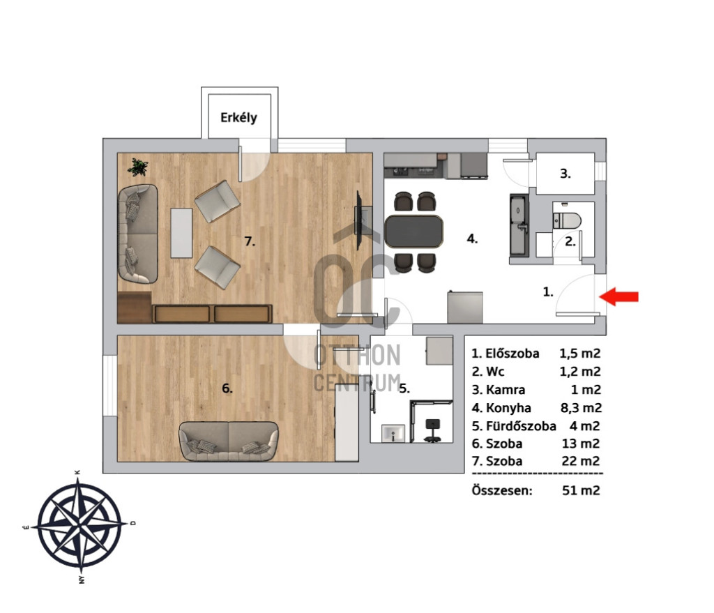 - Felosztása: előszoba, erkélyes nappali, hálószoba, konyha, kamra, konyha, közlekedő, fürdőszoba - wc.
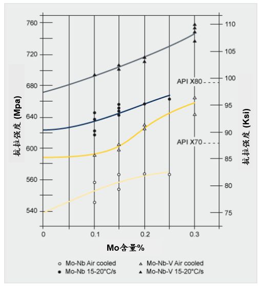 Mo在熱機械軋制期間延遲了微合金化元素的析出;
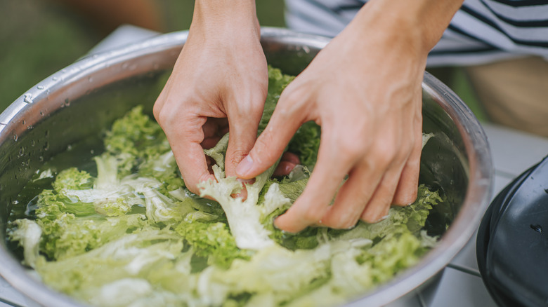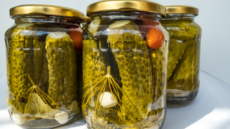 But the role of water in a pickling brine doesn't stop at simply being a mixer. The water in the brine also helps the pickles retain their crispness. When vegetables are soaked in the brine, the water in the vegetables is pulled out and replaced by the brine through osmosis, which helps maintain their firm texture (via Serious Eats).
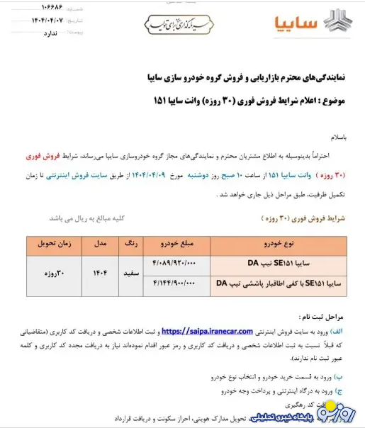 روزنو :شرایط فروش خودرو سایپا ۱۵۱ ویژه ۹ تیر ۱۴۰۴ اعلام شد.
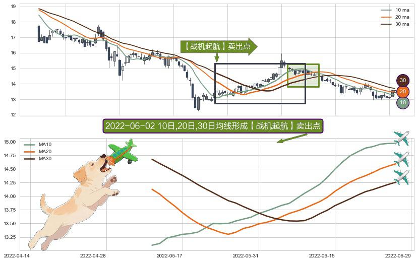 形态多维评估: ⚀ 2022-05-11日-2022-06-27日显现 10日-20日-30日均线 【战机起航】卖出点 看空信号,后市看跌,卖出
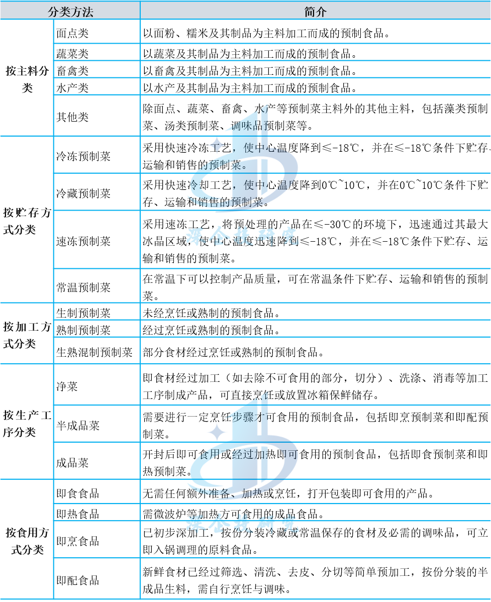 按照食用方式及加工程度,预制菜可分为即食食品、即热食品、即烹食品与即配食品;按照生产工序,预制菜可分为净菜、半成品菜和成品菜。即配净菜早已在商超、农贸市场、各类食堂、连锁餐饮中广泛应用。预制菜具体分类如下表所示。
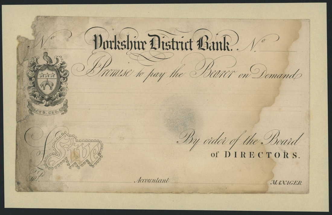 Yorkshire District Bank, proof £5, undated, Yorkshire District Bank unlisted in Outing, however it is most likely associated with Yorkshire District Banking Company circa. 1834, and was taken over by the Yorkshire Banking Company in 1843, no branch named but the note features the coat of arms of Leeds, which was the Head Office of the Yorkshire Banking Company, uniface,
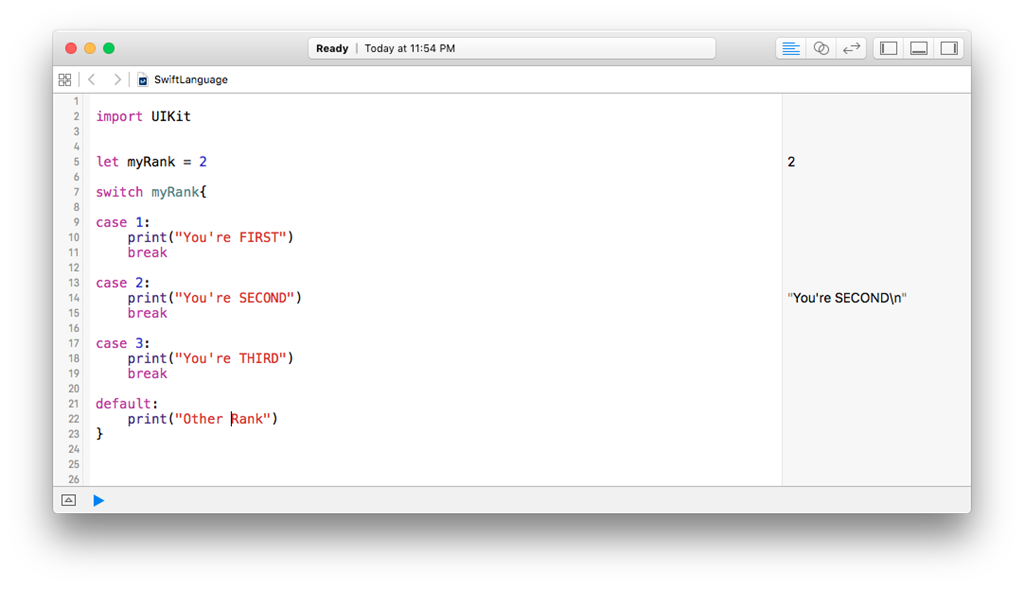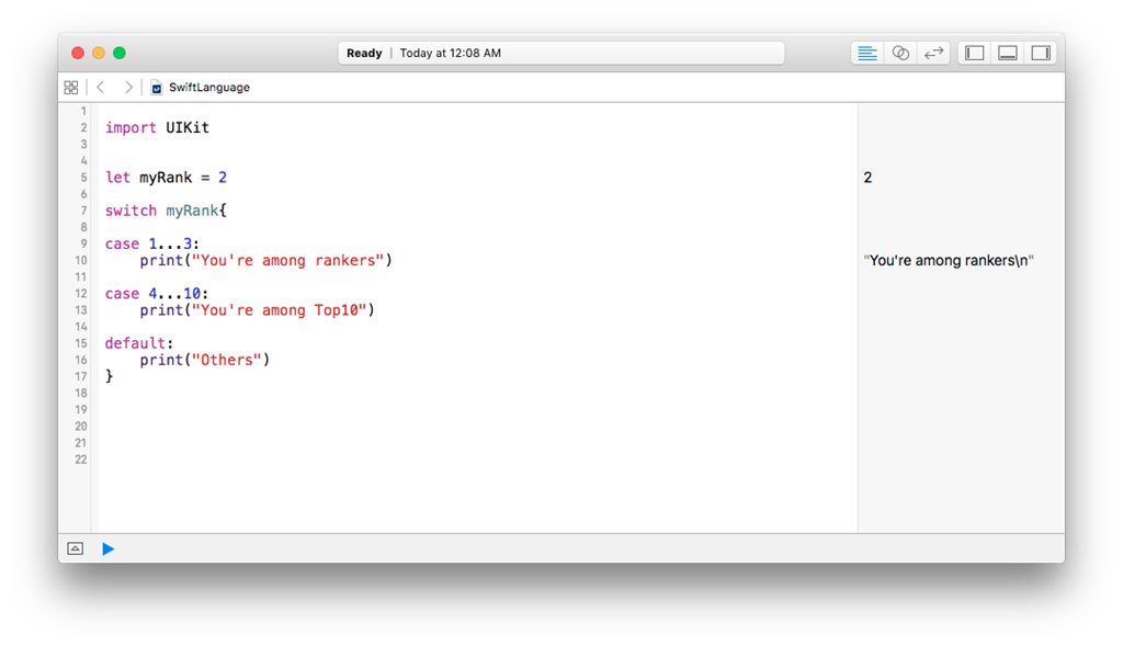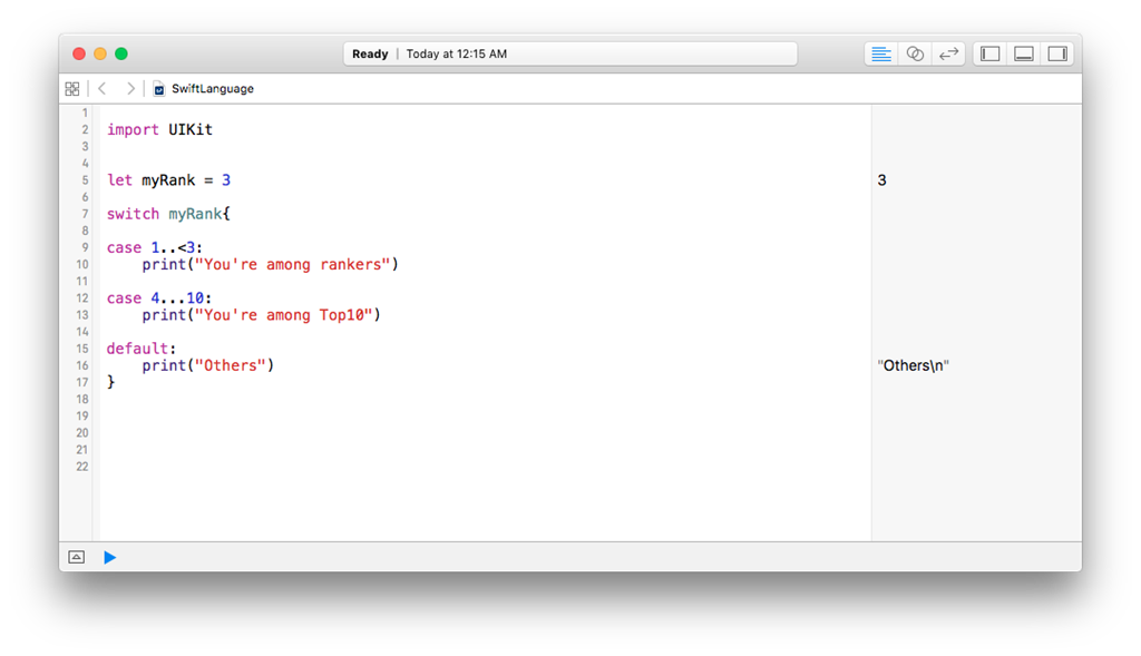 But, when we say 1..<3 which is equivalent to only 1 and 2, not 3. In this Exclusive Range operator, we are ignoring the upper bound limit.
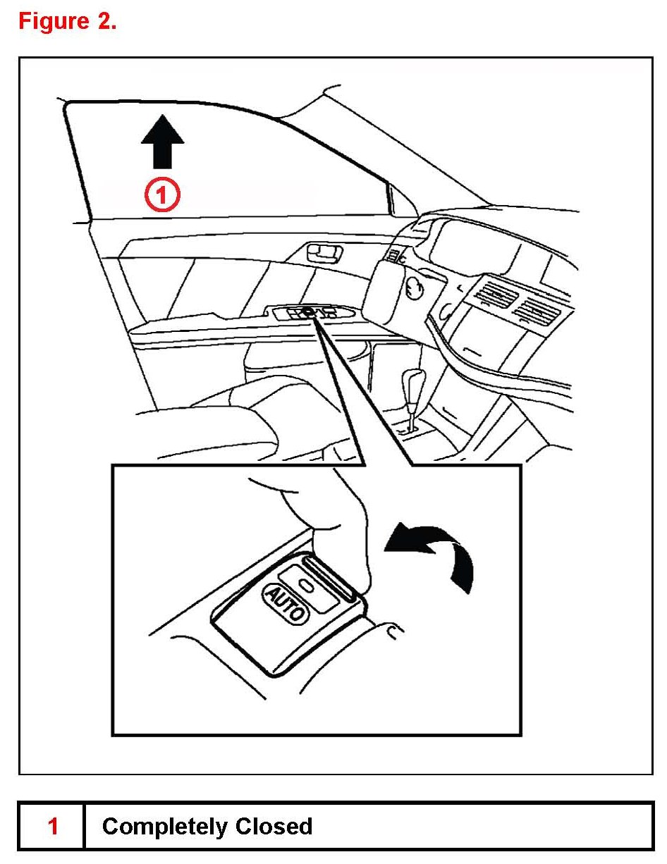 2. Pull and hold up the passenger's door power window switch until the window closes. Continue holding the switch until the switch changes from blinking to a constant illumination.
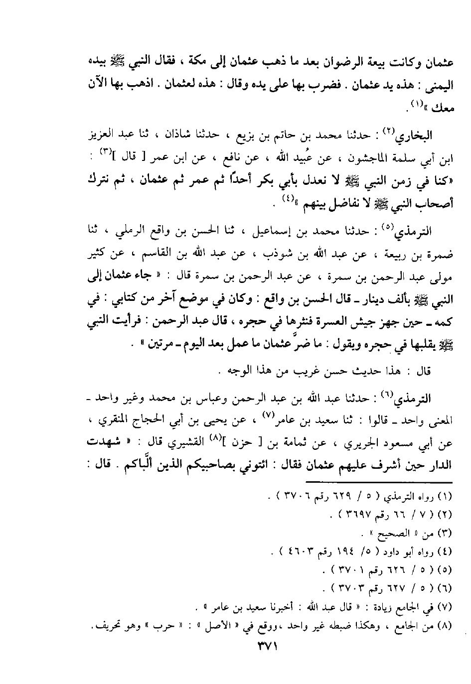 التِّرْمِذِيّ: حَدثنَا عبد الله بن عبد الرَّحْمَن وعباس بن مُحَمَّد وَغير وَاحِد - الْمَعْنى وَاحِد - قَالُوا: ثَنَا سعيد بن عَامر، عَن يحيى بن أبي الْحجَّاج الْمنْقري، عَن أبي مَسْعُود الْجريرِي، عَن ثُمَامَة بن [حزن] الْقشيرِي قَالَ: " شهِدت الدَّار حِين أشرف عَلَيْهِم عُثْمَان فَقَالَ: ائْتُونِي بصاحبيكم الَّذين ألباكم. قَالَ:
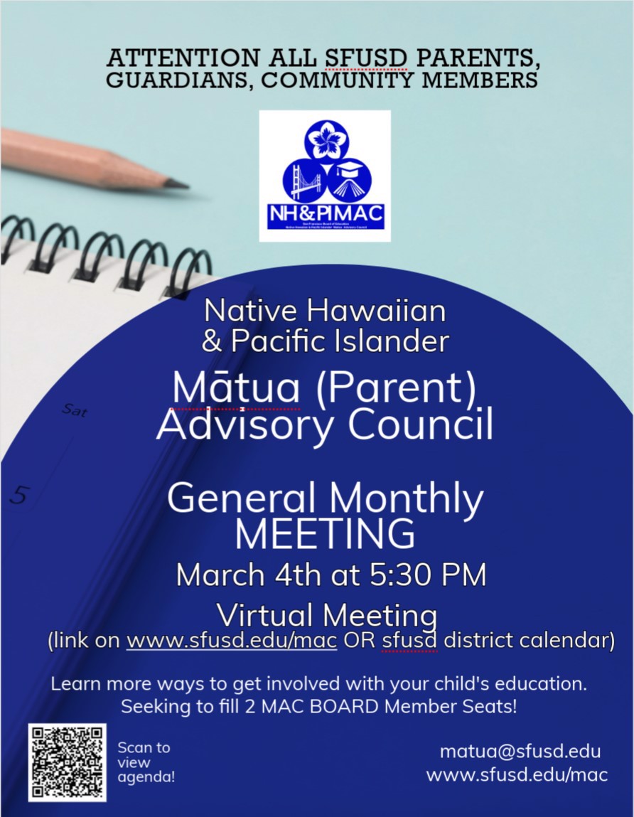 www.sfusd.edu/mac OR District Calendar OR Scan Agenda from flyer.

• [BRIEF]: Look above and copy only the lines from the one holding "形态多维评估: ⚀ 2022-05-11日-2022-06-27日显现" to the one holding "التِّرْمِذِيّ: حَدثنَا عبد", both included, exactly, minus the pictures.

• [WRITTEN REPLY]:
 形态多维评估: ⚀ 2022-05-11日-2022-06-27日显现 10日-20日-30日均线 【战机起航】卖出点 看空信号,后市看跌,卖出
 按照食用方式及加工程度,预制菜可分为即食食品、即热食品、即烹食品与即配食品;按照生产工序,预制菜可分为净菜、半成品菜和成品菜。即配净菜早已在商超、农贸市场、各类食堂、连锁餐饮中广泛应用。预制菜具体分类如下表所示。
 Yorkshire District Bank, proof £5, undated, Yorkshire District Bank unlisted in Outing, however it is most likely associated with Yorkshire District Banking Company circa. 1834, and was taken over by the Yorkshire Banking Company in 1843, no branch named but the note features the coat of arms of Leeds, which was the Head Office of the Yorkshire Banking Company, uniface,
 But, when we say 1..<3 which is equivalent to only 1 and 2, not 3. In this Exclusive Range operator, we are ignoring the upper bound limit.
 2. Pull and hold up the passenger's door power window switch until the window closes. Continue holding the switch until the switch changes from blinking to a constant illumination.
 التِّرْمِذِيّ: حَدثنَا عبد الله بن عبد الرَّحْمَن وعباس بن مُحَمَّد وَغير وَاحِد - الْمَعْنى وَاحِد - قَالُوا: ثَنَا سعيد بن عَامر، عَن يحيى بن أبي الْحجَّاج الْمنْقري، عَن أبي مَسْعُود الْجريرِي، عَن ثُمَامَة بن [حزن] الْقشيرِي قَالَ: " شهِدت الدَّار حِين أشرف عَلَيْهِم عُثْمَان فَقَالَ: ائْتُونِي بصاحبيكم الَّذين ألباكم. قَالَ:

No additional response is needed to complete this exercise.